Better known for its mobile devices today, Samsung is actually a conglomerate in its home country, with businesses in a wide array of verticals. As the company has grown to be the world’s biggest smartphone manufacturer, the game is changing for Samsung, which has found itself strongly pitted against other big names like Apple. Perhaps fueled by its need to vindicate itself of its staggering $1 billion patent infringement loss in 2012, the South Korean company intends to emulate Google in its M&A activities, in order to bolster its IP portfolio.

“Google’s M&A strategy is ideal as Samsung is now pursuing organic growth by acquiring small firms with patented technologies in select areas, not seeking just external growth by expanding its business size,” said a Samsung official only known as “Park” to Korea Times.

Samsung is no longer keen on expansion at this point, but would rather build up its patent portfolio. The company is “focusing on smaller deals in strategic areas,” the official said. These industries include mobile, video, bio-technology and even chips. To this end, Samsung is actually working closely with Google. “Google gives advice and technical assistance on M&A strategies.”

Samsung has actually had only two acquisitions since 1994, which include TransChip from Israel in 2007 and Amica from Poland in 2009. The company official said that money is not an issue, and that Samsung was actually surprised when Google acquired Motorola Mobility in 2011. Samsung will have enough resources to fulfill its M&A plans, as it currently has about 37.45 trillion won (US$34.35 billion) in cash and cash equivalents.
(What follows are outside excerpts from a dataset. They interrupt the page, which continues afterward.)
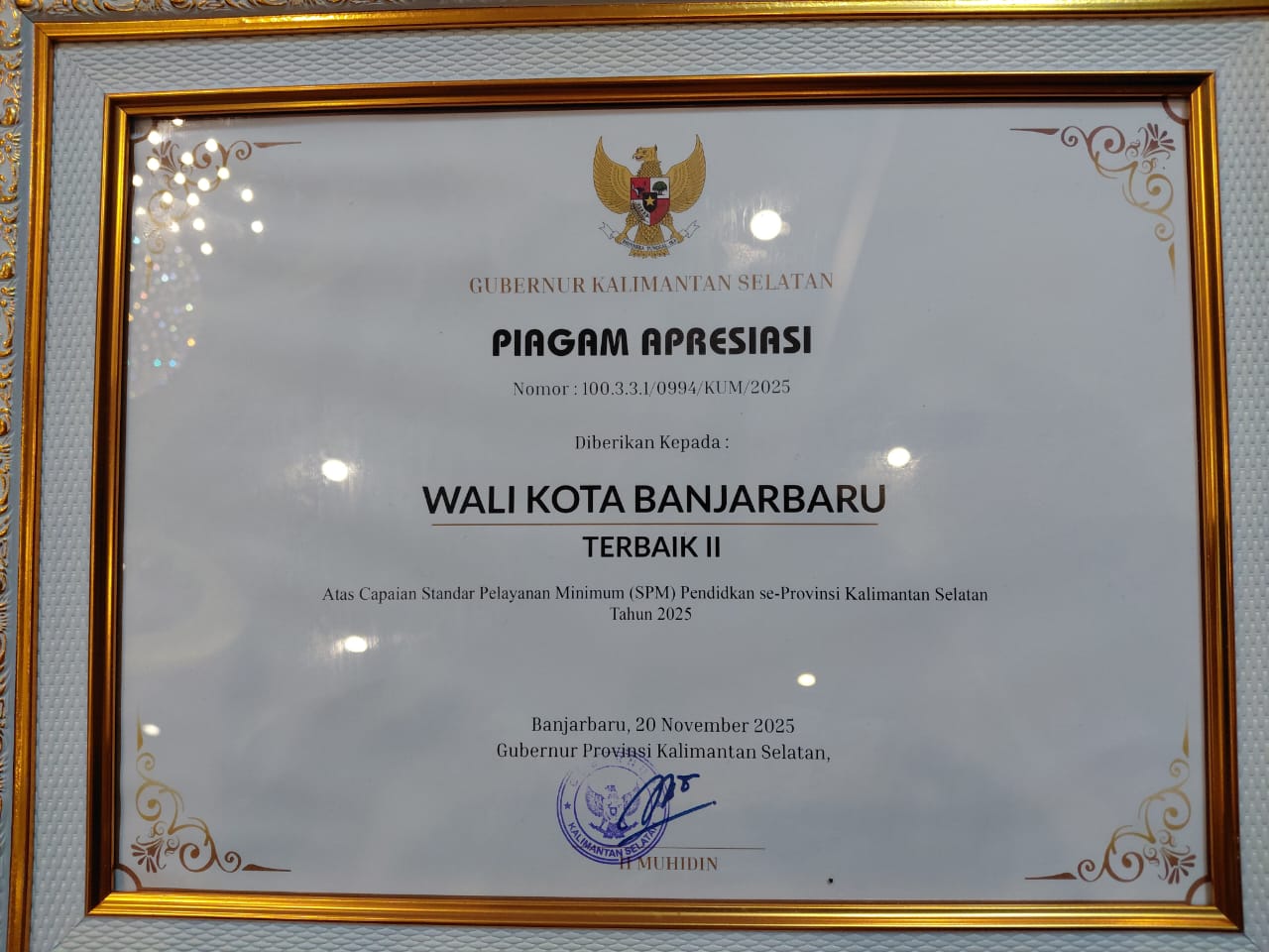 Piagam Apresiasi Terbaik II atas capaian Standar Pelayanan Minimum (SPM) Pendidikan se-Kalimantan Selatan 2025
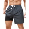 SILKWORLD Swim Trunks for Men Compression Lined Swimsuit 6 in Swimming Shorts Quick-Dry Bathing Suits with Zipper Pocket, Charcoal Grey, Large
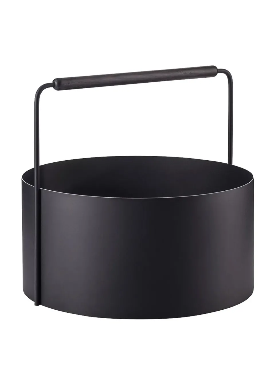Der Ashi Kaminholzkorb von , entworfen von Kaschkasch, verbindet minimalistische Ästhetik mit funktionaler Eleganz. Der schwarz pulverbeschichtete Stahlkorb kontrastiert wunderschön mit dem natürlichen Eichenholzgriff und verleiht ihm eine warme und organische Dimension. Inspiriert von der japanischen Ästhetik der Einfachheit und Ruhe, bietet Ashi eine diskrete und stilvolle Aufbewahrungslösung für Brennholz.
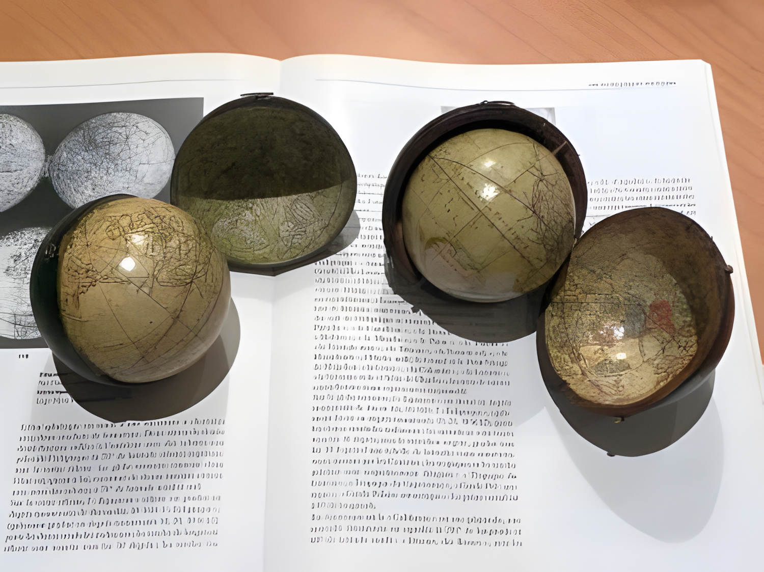 Constamment remis à jour à la suite des dernières découvertes, ces mini-globes, initialement recouverts de peau de roussette puis de carton gaufré resteront à la mode jusqu’au milieu du dix-neuvième siècle
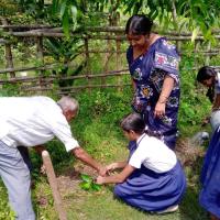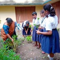 Green your school...The guides of Chandrabhag Srikrishna Girls High School Guide Group planted a large number of trees in their school premises with the above aim. They also took pledge to nurture these plants so that it can be a tree one day

The plan to ramp up its M&A activities seems to be in line with the company’s new focus on research and development for more patents, suggesting that Samsung is looking to augment this in-house R&D with third-party patents.

But what benefits will Samsung customers get from an increased IP portfolio? There are some concrete examples. For instance, while Samsung’s acquisition of a 5% stake in tablet and digitizer-maker Wacom is not an M&A per se, this has led to the inclusion of styluses in the Galaxy Note and Galaxy Note 2 product lines.

Perhaps with more IP in its hands, Samsung could do so much more, without worrying about the threat of litigation from patent trolls or from big competitors.